It is now impossible for Greece to meet its obligations under the memorandum, as 77 measures should be implemented by the end of June.
Furthermore, the planned fiscal adjustment for 2012 is considered extremely difficult because of the political turmoil in the state apparatus, the deeper than expected recession and the drop in tax revenues.
In compliance with the supplementary budget of March, the deficit must be reduced to 13.73 billion euro or 6.7% of GDP, but in the case that the recession is limited to 4.7%.
Recession reached 6.2% only in the first quarter and according to recent estimates, it will be 5% on an annual basis.
The supervisory Troika
Therefore, once a new government is formed and the Troika’s representatives arrive in Greece, the talks on extending the fiscal adjustment will start with a revision of the objectives set for the current year.
Let us recall the major obligations to be implemented next month:
- Drawing a new medium-term framework for fiscal adjustment, which on the basis of the memorandum will include cost cuts amounting to 11.6 billion euro for 2013-2014.
- Voting on the new tax bill, the major part of which stipulates the cancellation of tax exemptions.
- Adopting a legal regulation for an average of 12% reductions of staff remuneration in payroll tables.
In the next 30 days, the Ministry of Finance team will be walking a tightrope trying to find money to meet the basic needs of the state and, primarily, to pay salaries and pensions.
The Ministry of Finance will have to cope with the unprecedented drop in revenues, the issues surrounding the formation of the government and with the euro area reluctance to allocate the remaining 1 billion euro from the tranche approved for payment in May.
According to sources, this amount will not be paid to Greece before the last ten days of May, when the available resources of the state will be drying up.
The same sources claim that as no immediate improvement is expected in tax revenues, government spending (subsidies, tax refund, payment of outstanding duties) will have to largely shrink so that July salaries and pensions are paid at the end of June.
Even the freezing of expenditure will, however, solve the problem temporarily because the state will not be able to meet its obligations in the coming months without the bailout funds.
Smooth lending to Greece depends directly on the outcome of the elections on 17 June and the forming of a government. Even if the political crisis were overcome, the newly formed government would have to immediately launch heavy bargaining with the supervisory Troika, because all measures planned for June are lagging behind.
At this stage, and while keeping the country in the eurozone is at stake, the biggest problem is whether the state will be able to prevent any internal suspension of payments.
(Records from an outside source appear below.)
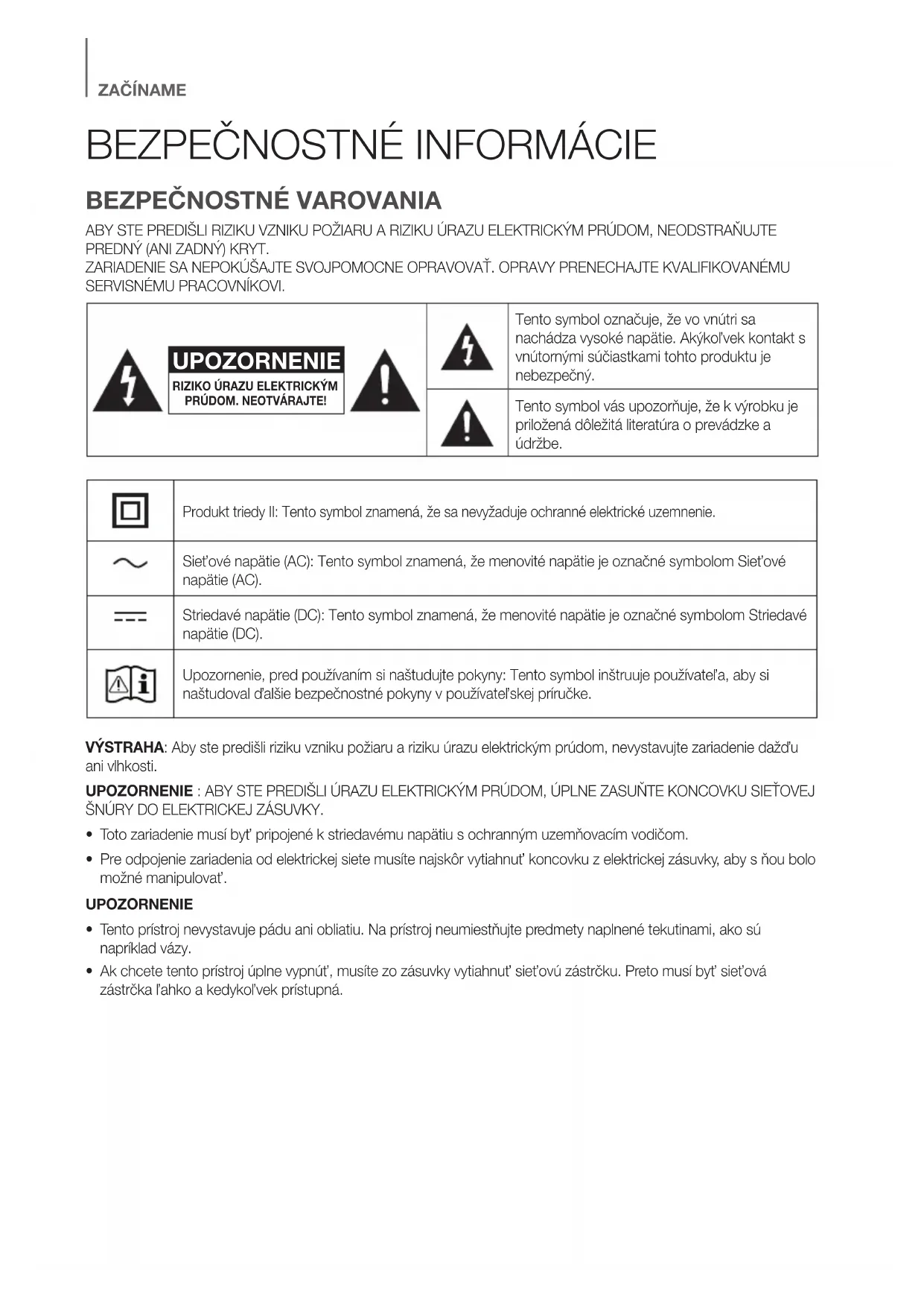 ABY STE PREDIŠLI RIZIKU VZNIKU POŽIARU A RIZIKU ÚRAZU ELEKTRICKÝM PRÚDOM, NEODSTRAŇUJTE PREDNÝ (ANI ZADNÝ) KRYT. ZARIADENIE SA NEPOKÚŠAJTE SVOJPOMOCNE OPRAVOVAŤ. OPRAVY PRENECHAJTE KVALIFIKOVANÉMU SERVISNÉMU PRACOVNÍKOVI. UPOZORNENIE RIZIKO ÚRAZU ELEKTRICKÝM PRÚDOM. NEOTVÁRAJTE!Tento symbol označuje, že vo vnútri sa nachádza vysoké napätie. Akýkoľvek kontakt s vnútornými súčiastkami tohto produktu je nebezpečný.Tento symbol vás upozorňuje, že k výrobku je priložená dôležitá literatúra o prevádzke a údržbe.Produkt triedy II: Tento symbol znamená, že sa nevyžaduje ochranné elektrické uzemnenie.Sieťové napätie (AC): Tento symbol znamená, že menovité napätie je označné symbolom Sieťové napätie (AC).Striedavé napätie (DC): Tento symbol znamená, že menovité napätie je označné symbolom Striedavé napätie (DC).Upozornenie, pred používaním si naštudujte pokyny: Tento symbol inštruuje používateľa, aby si naštudoval ďalšie bezpečnostné pokyny v používateľskej príručke. VÝSTRAHA: Aby ste predišli riziku vzniku požiaru a riziku úrazu elektrickým prúdom, nevystavujte zariadenie dažďu ani vlhkosti.UPOZORNENIE : ABY STE PREDIŠLI ÚRAZU ELEKTRICKÝM PRÚDOM, ÚPLNE ZASUŇTE KONCOVKU SIEŤOVEJ ŠNÚRY DO ELEKTRICKEJ ZÁSUVKY.
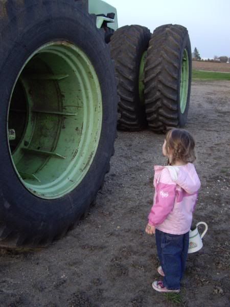 | Kenzie is one lucky girl to be experiencing life in such a pure form. Love the photos. You could see the awe in her eyes. For some reasons, huge tires, like on the tractor, have always scared me. LOL. My grandmother had a working farm, and I always stayed clear of the tractors. |
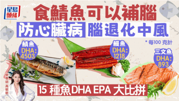 高敏敏表示,想大脑更灵活,可以进食鱼类以摄取足够的DHA和EPA。 不过,各种鱼类营养含量也不同,她列出15种鱼类的DHA和EPA含量作比较。
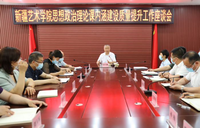 章立新书记回顾分析了近年来党中央和自治区党委关于高校思想政治工作和思想政治理论课建设的总体部署安排并紧密结合我校实际围绕内涵建设、质量提升工作对我校思想政治理论课建设进行了深入分析、作出全面安排部署并提出宝贵意见:一是思想政治理论课教师要对马克思主义理论、习近平新时代中国特色社会主义思想做到真学、真懂、真信、真用;二是思想政治理论课教育教学过程要紧密结合现实问题,以学生学习、生活、择业、成长过程中遇到的实际问题为切入点,增强思想政治理论课的针对性、时效性;三是要继续推进思想政治理论课改革,在教学内容上推动“思政+艺术”深度融合,在教学形式上促进“思政+互联网”紧密结合;四是要充分发挥思想政治理论课专兼职教师队伍带头作用,引领、指导、助力学校的课程思政建设;五是要深入开展大中小学思政课一体化建设,学校作为基地院校要带头深入基层、调研考察,积极推进工作;六是加强思想政治理论课教师队伍建设和能力水平提升。

The situation is extremely difficult due to the collapse in tax revenues as the mechanism for collecting taxes is not working at full power and the political uncertainty is driving the taxpayers away. The drop in the revenue has exceeded 15% since the beginning of the month whereas the Ministry of Finance is informally warning that if the situation does not improve, there would be monthly losses of 50% - an unprecedented rate in the history of the budget.
THREATS FOR THE 2012 BUDGET
The four black holes in tax revenues
Four black holes are the reason for the collapse in tax revenues in 2012 and threaten to blow up the financial programme.
The sharp drop in revenue is due to the following factors:
- Serious delay in sending notification letters for property taxes, which is depriving the treasury of about 1 billion euro. The "Information Systems" Directorate General has long been prepared to send 270 thousand letters of payment of the special property tax for 2009, amounting to 100 million euro, but expects orders to begin sending the letters to property owners. For election reasons, however, the letters are still waiting in the Directorate’s drawers. While the collection of taxes for 2009 is being delayed, the payment of property taxes for 2010 and 2011, amounting to 900 million euro, is also lagging behind.
- Extension of deadlines for filing tax returns from companies and individuals. The deadline for big companies is 31 May and for individuals - 15 June. The Ministry of Finance is very likely to be forced to extend this period, due both to the elections and the problems that may occur in the Taxisnet system of the Ministry of Finance.
- Heavy losses reported by thousands of companies in 2011 due to the deep recession that hit the market and the real economy. Six out of ten companies reported low financial results meaning that the state will collect less revenue from the companies this year.
- The dramatic situation in the collection of indirect taxes, the most serious problem being VAT revenues that are "in the red" due to a 13.5% drop.